= Dataset content =
================
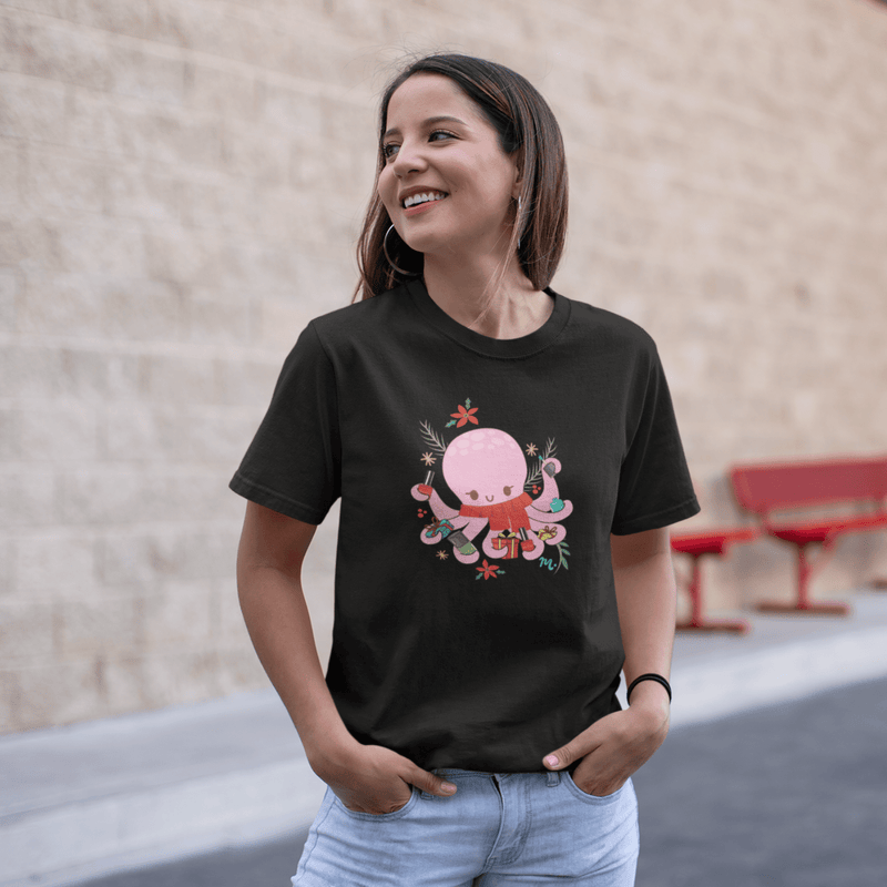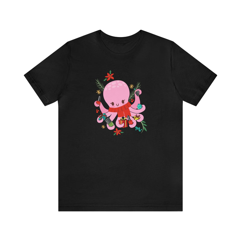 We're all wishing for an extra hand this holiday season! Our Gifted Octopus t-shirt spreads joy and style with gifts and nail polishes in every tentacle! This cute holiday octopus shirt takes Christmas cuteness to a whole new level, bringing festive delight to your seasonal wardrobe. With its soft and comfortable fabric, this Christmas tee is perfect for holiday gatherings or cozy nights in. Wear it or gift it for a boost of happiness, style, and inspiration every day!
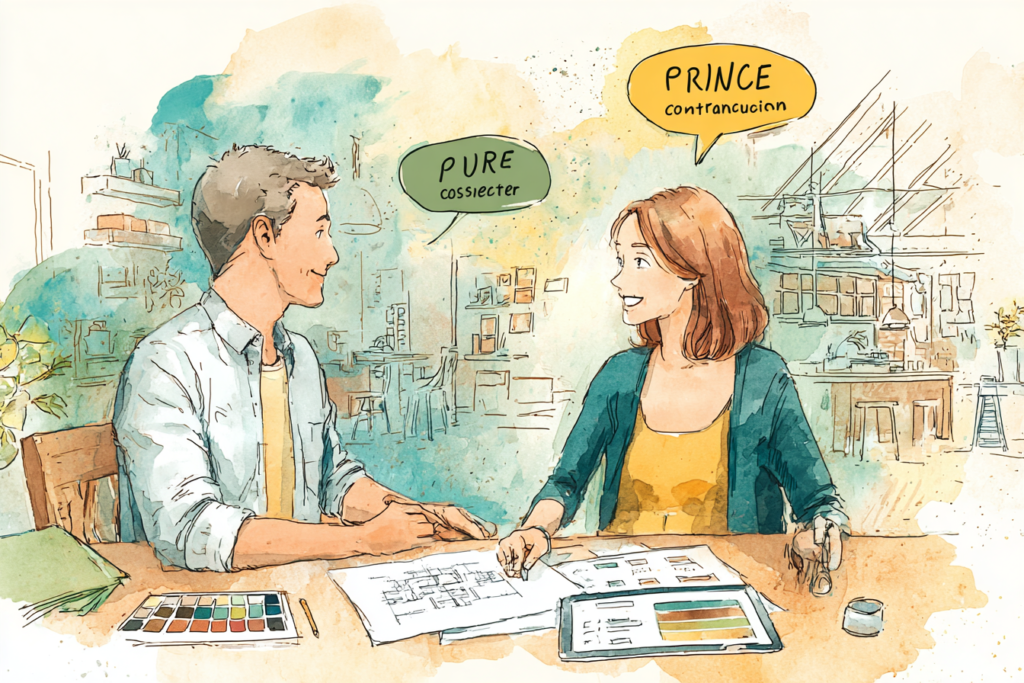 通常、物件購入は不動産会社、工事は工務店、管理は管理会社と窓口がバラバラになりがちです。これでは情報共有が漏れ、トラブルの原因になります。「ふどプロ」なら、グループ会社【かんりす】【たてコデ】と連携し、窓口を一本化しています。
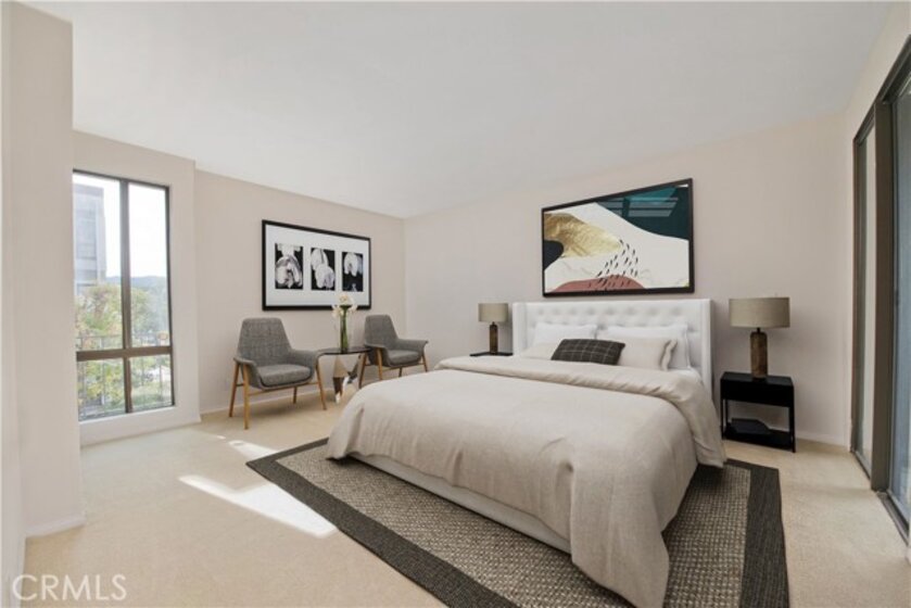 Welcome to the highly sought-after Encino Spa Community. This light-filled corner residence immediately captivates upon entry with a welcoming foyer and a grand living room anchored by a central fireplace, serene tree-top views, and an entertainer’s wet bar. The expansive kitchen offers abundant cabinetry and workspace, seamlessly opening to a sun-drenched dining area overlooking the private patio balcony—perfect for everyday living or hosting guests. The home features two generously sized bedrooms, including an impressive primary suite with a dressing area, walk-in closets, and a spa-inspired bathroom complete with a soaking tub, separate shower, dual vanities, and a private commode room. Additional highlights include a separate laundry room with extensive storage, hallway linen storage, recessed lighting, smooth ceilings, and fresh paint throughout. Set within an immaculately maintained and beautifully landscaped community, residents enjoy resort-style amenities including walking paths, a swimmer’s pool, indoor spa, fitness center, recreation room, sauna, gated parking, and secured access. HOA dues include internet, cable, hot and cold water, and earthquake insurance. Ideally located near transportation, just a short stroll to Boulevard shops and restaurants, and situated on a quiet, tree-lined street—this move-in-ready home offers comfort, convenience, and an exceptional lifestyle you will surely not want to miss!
================
= Task description =
Transcribe the opening line of the listing above, please, and every line after it through the line with "通常、物件購入は不動産会社、", word for word, without pictures.

= Written answer =
 We're all wishing for an extra hand this holiday season! Our Gifted Octopus t-shirt spreads joy and style with gifts and nail polishes in every tentacle! This cute holiday octopus shirt takes Christmas cuteness to a whole new level, bringing festive delight to your seasonal wardrobe. With its soft and comfortable fabric, this Christmas tee is perfect for holiday gatherings or cozy nights in. Wear it or gift it for a boost of happiness, style, and inspiration every day!
 通常、物件購入は不動産会社、工事は工務店、管理は管理会社と窓口がバラバラになりがちです。これでは情報共有が漏れ、トラブルの原因になります。「ふどプロ」なら、グループ会社【かんりす】【たてコデ】と連携し、窓口を一本化しています。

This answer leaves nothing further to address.